La exposición Crucifixus (1997) de Manuel Caballero —exhibida en Jerez en la Sala Pescadería Vieja— constaba de dibujos y pinturas elaborados entre 1983 y 1996.

Una de las piezas pertenecientes a la colección lleva por título Crucifixión atlántica (Acrílico sobre papel, 1984).

En el catálogo de la muestra el autor escribía sobre esta obra suya: “Forma parte de una extensa serie de dibujos realizados en 1984, trabajados como grisallas. A esta serie, hoy dispersa, la titulé Fiestas, haciendo referencia a juegos masculinos de violencia y sangre. Aquí el crucificado es el axis mundi, en el sentido que le da René Guénon (Le symbolisme de la Croix, 1931). Stat crux dum volvitur orbis. Los hombres luchan, juegan o danzan alrededor de su Héroe Sangrante. El aspecto “tumultuoso” de estas celebraciones aunado a su  otro aspecto mágico-deportivo comportan una suerte de violencia purificadora y un misterio: ‹‹Il y a un mystère du sacrifice. Les piétés de l’humanisme classique endorment nôtre curiosité mais la fréquentation des auteurs anciennes la reveille›› (René Girard: La violence et le sacré, 1972)”.         
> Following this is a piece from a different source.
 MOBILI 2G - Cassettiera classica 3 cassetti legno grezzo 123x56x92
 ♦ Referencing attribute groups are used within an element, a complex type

En efecto, observamos un calvario sobre el promontorio de un acantilado semejante a la proa de un navío que se adentra en el océano inevitablemente Atlántico; es decir, en el locus amoenus fundamental de Caballero. El crucificado aparece rodeado por la incontenible y convulsa agitación de una humanidad  representada por varones que se mueven turbulentamente, como participantes en un desenfrenado ritual, creando una atmósfera paroxística e inexplicable; se abrazan, se aman, combaten entre ellos o caen rendidos en un ambiente de aquelarre, donde la cruz resiste al paso del tiempo debido a su energía secreta e infinita, siendo la cruz del conocimiento oculto, la cruz esotérica de la memoria precedente a la existencia del cosmos y el emblema mayor de la locura mística regeneradora, como afirmaba el apóstol de los gentiles: “La locura de Dios es más sabia que los hombres y la debilidad de Dios más potente que los hombres” (1 Cor, 22).  
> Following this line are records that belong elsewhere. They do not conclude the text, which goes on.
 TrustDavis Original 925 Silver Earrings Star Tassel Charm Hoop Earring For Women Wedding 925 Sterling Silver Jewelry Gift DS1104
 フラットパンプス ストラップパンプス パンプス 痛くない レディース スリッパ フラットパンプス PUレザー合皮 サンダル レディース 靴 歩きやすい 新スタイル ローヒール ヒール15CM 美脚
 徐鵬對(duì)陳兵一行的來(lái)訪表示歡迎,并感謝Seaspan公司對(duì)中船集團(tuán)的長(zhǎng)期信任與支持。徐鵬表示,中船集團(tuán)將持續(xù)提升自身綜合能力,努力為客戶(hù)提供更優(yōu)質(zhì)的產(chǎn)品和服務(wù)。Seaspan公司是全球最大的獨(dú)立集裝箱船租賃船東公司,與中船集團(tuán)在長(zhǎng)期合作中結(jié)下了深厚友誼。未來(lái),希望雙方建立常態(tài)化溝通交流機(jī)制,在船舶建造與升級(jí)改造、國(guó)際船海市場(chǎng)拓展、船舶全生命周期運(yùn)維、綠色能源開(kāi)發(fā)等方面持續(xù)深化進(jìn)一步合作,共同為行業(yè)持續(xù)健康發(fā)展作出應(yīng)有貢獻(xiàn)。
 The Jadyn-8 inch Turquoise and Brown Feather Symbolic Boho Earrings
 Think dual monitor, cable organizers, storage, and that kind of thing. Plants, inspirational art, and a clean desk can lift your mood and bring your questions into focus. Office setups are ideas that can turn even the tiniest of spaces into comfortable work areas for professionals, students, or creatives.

La contemplación es del que piensa, del que ve más lejos y oye el silencio de la materia sin principio ni fin, del que toca lo intocable, aspira los aromas órficos y saborea la sangre de las víctimas, por eso Leonora Carrington dijo que “el deber del ojo derecho es sumergirse en el telescopio mientras que el ojo izquierdo interroga el microscopio”.
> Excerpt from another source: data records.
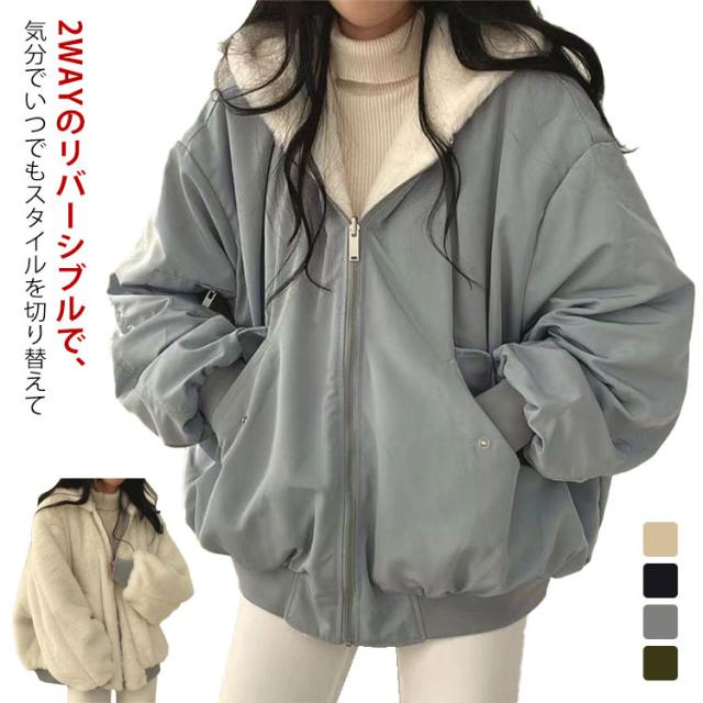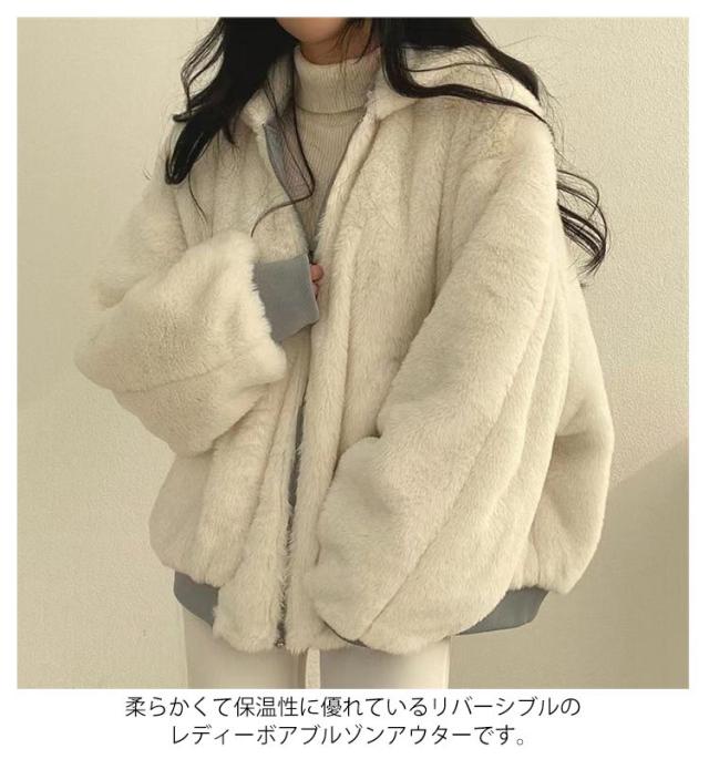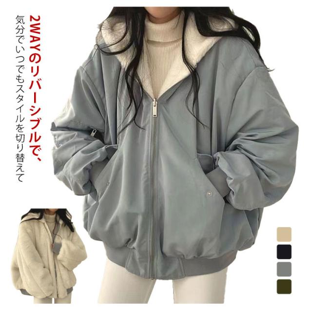アウター レディース リバーシブル アウター ボアブルゾン ボアジャケット コート 秋冬 ゆったり 暖かい カジュアル もこもこ 柔らかい 2way 通勤 通学 大きいサイズ 防寒着 防寒コート ショート丈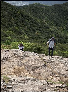 11시 35분경 정상을 출발하여 잠깐의 하산길에 구름다리에 이르니 반대편에서 오는 등산객(여성)을 마주쳐 일행의 사진을 찍어 달라 부탁하고 찍어주고 곧장 하산의 발걸음을 제촉하면서도 일행은 지나친 두 여인을 잠시 하산길의 이야기꺼리로 삼기도 했다.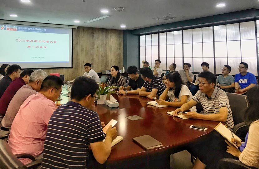 為更好地發(fā)揮工會組織在“促進企業(yè)發(fā)展,保障職工權(quán)益”中的積極作用,根據(jù)《工會法》和《中國工會章程》的相關(guān)規(guī)定,華新機電于5月24日召開了2019年度職工代表大會第一次會議進行工會委員會的換屆選舉,會議由公司紀(jì)委書記、黨群工作部部長胡萍主持,公司黨委書記、董事長譚竹青參加了會議。
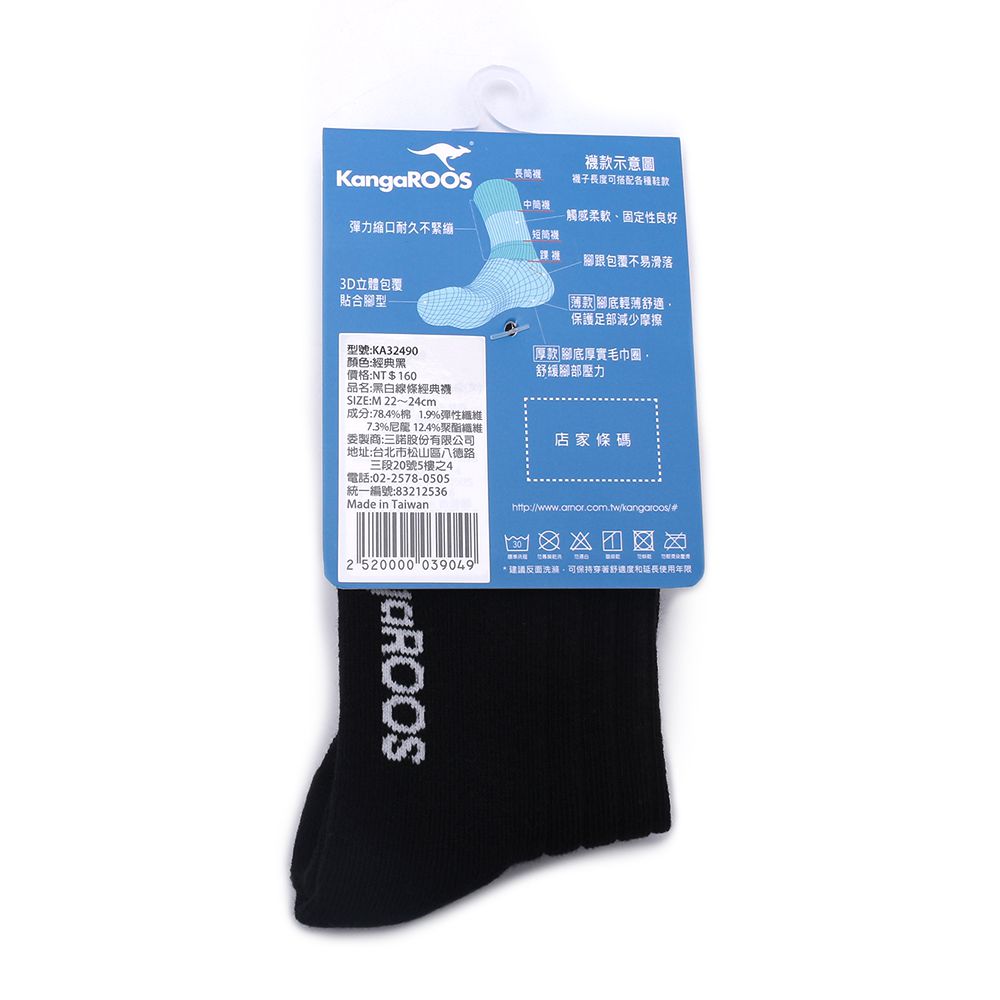 KANGAROOS 經典線條1/2襪 黑 KA32490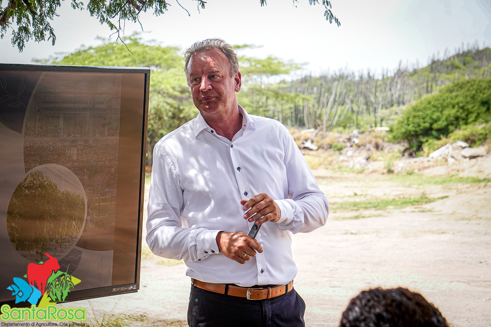 Departamento di Agricultura, Cria y Pesca Santa Rosa tabata tin e honor y placer di ricibi bishita di Staatssecretaris di Hulanda sr. Eddie van Marum hunto cu su delegacion. Riba e mainta aki nan a wordo ricibi pa director di Santa Rosa sra. Nathalie Maduro y tambe presente minister di Sector Primario sr. Geoffrey Wever. Despues di un introduccion chikito caminda henter e delegacion a ricibi un bunita pechi di Santa Rosa como regalo y asina duna inicio na e recorido den Santa Rosa pa admira seccion y cultivonan cu e departamento mes ta produci. E recorido tabata canando y asina haya un splicación corto di kico ta tareanan responsabilidad, proyecto y manehonan di Santa Rosa riba e tereno di Sector Primario.

Toda traición a la dialéctica implica el desconcierto de la conciencia así como la revocación del instinto; y también la secularización de la utopía conduce al síncope astral, de ahí que los antiguos maestros aconsejaran  la cesación del intelecto y de los deseos y no tener jamás los nervios de punta por muy mal que vayan los negocios.

La epojé de Sexto Empírico
previa a la ataraxia.    


En esta serie de la crucifixión —en su iconografía, cromatismo, perspectivas, composiciones— hay un algo de desprecio hacia el mundo inferior terreno, la sensación de un destierro colectivo y cierta angustiosa obsesión por el retorno a la esfera ideal anterior a la caída. 


En un comentario sobre la teología de Basílides, Borges resume los términos de la especulación sobre el carácter fantasmal del crucificado, quien habría sido un doble, ya que el Cristo esencial (el auténtico), evitando el infamante suplicio, volvió a la plenitud del Pleroma atravesando los 365 cielos contra la voluntad de los fabricantes de dioses (J. L. B.: “Una vindicación del falso Basílides”, Discusión, 1964).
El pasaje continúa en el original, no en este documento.